Arrêt sur images avec 6 chorégraphes qui fouleront les planches de cette 14e Biennale

Alain Platel fait partie de ces artistes en mouvement perpétuel, toujours à l’affût de nouvelles expérimentations pour nourrir son art. Avec Gardenia, il s’acoquine avec Frank Van Laecke, discret et génial metteur en scène belge d’opéra, de music-hall et de théâtre, et Vanessa Van Durme, grande actrice flamande découverte avec Regarde maman, je danse, pour mettre en scène 9 interprètes inattendus, parmi lesquels 7 anciens travestis, tous âgés de 55 à plus de 65 ans et qui ne sont ni danseurs ni comédiens, et un jeune danseur russe. Sorte de récit-témoignage, le spectacle se construit par touches successives pour nous entraîner dans le quotidien de ces personnages hauts en couleur et en émotion. Mêlant danse, théâtre et musique (la bande-son est assez extra entre Jay-Z, Ravel, Dietrich et Aznavour), il explore les thèmes sous-jacents de la vieillesse et du temps qui passe, des illusions et désillusions de la vie, et entame une réflexion sur l’identité (et donc la notion de différence). Un spectacle plein d’humanité et d’émotion, affirment tous ceux qui l’ont vu en Avignon. Où finalement l’important n’est pas de savoir où est la performance, ni si ce qu’on voit est du théâtre ou de la danse, mais bien ce qu’on ressent et ce qu’il en reste.
Le Toboggan, du 29 septembre au 2 octobre.

Andrés Marín est, à l’instar d’Israel Galvan, l’un des artistes flamencos les plus inventifs de sa génération. Cet autodidacte, né à Séville d’une mère chanteuse et d’un père danseur de flamenco, ose s’aventurer sur des chemins de traverse, partant du principe qu’il faut puiser dans le flamenco traditionnel tout en développant un style très personnel et une esthétique contemporaine. Zapateado léger ou cavalcade crépitante tel le galop d’un cheval, inattendu travail de bras et de mains (en tout cas chez un homme), tension du ventre qui commande le mouvement, formes épurées et lignes de corps mouvantes sont autant de pistes pour découvrir le travail de cet artiste entier, qui ne craint jamais de se mettre à nu et cherche à provoquer les sens et l’émotion. “Je danse comme je le ressens.” Avec Vanguardia jonda, il nous plonge dans le Séville de la fin XIXe et du début XXe lorsque les cafés cantantes – lieux de rassemblement propices à la danse – permirent au flamenco de devenir cet art populaire et universel. Seul sur scène avec 4 musiciens, il réinvente des gestes immémoriaux pour donner vie à une danse flamenca très graphique qui fouille dans les entrailles du flamenco aussi bien que dans les siennes. Magistral.
Les Célestins, du 28 au 30 septembre La Rampe (Échirolles), 1er octobre / Théâtre de Vienne, 2 octobre.
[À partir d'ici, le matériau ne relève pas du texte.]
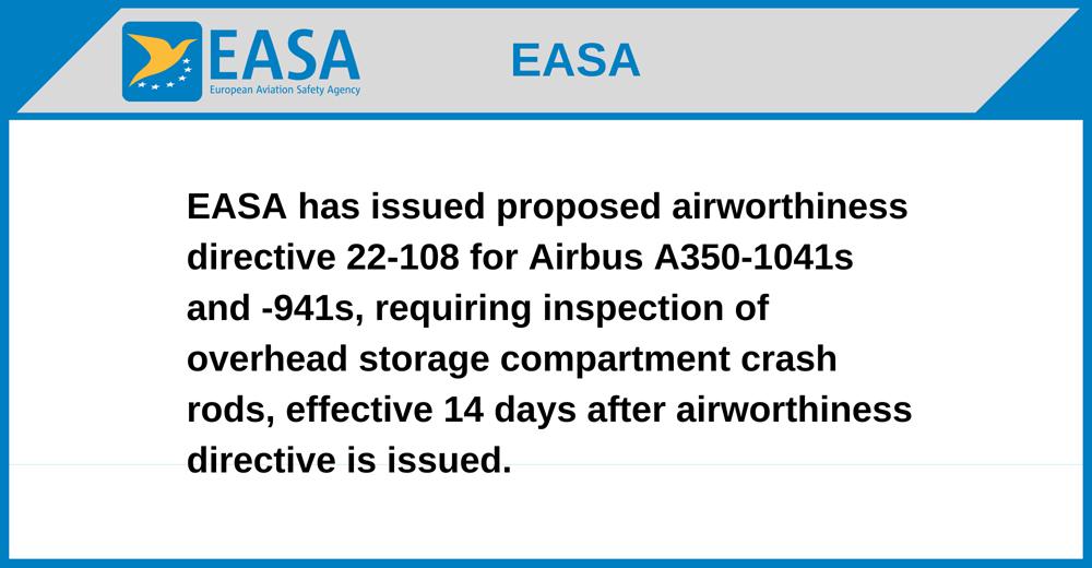 EASA has issued proposed airworthiness directive 22-108 for Airbus A350-1041s and -941s, requiring inspection of overhead storage compartment crash rods, effective 14 days after airworthiness directive is issued.
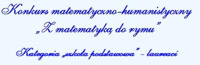 Uczniowie z naszej szkoły zostali laureatami ogólnopolskiego konkursu matematyczno-humanistycznego „Z matematyką do rymu”, który został zorganizowany przez Centrum Popularyzacji Matematyki „SIGNUM” oraz Białostocki Oddział Polskiego Towarzystwa Matematycznego.

Son nom ne vous dit pas grand-chose ? Il est pourtant la star absolue du moment, plébiscité dans le monde entier. C’est avec Political Mother qu’il revient à Lyon après un passage très remarqué la saison dernière. Hofesh Shechter, jeune chorégraphe israélien installé dorénavant à Londres, est un ovni qui sait presque tout faire. Cet ancien batteur aime aussi avoir de la musique live – qu’il compose lui-même, d’ailleurs – sur scène (8 à 10 musiciens), car si la musique n’est pas une fin en soi, elle sert de références. Elle incite aux conflits, elle accentue les tensions. Il y a ensuite sa danse extrêmement physique et tout en puissance, parfois à la limite de l’extase, avec ces mouvements de groupe, cette gestuelle un peu particulière mariant fluidité et saccadé et cette virtuosité des corps.
Auditorium de Lyon, du 10 au 12 septembre.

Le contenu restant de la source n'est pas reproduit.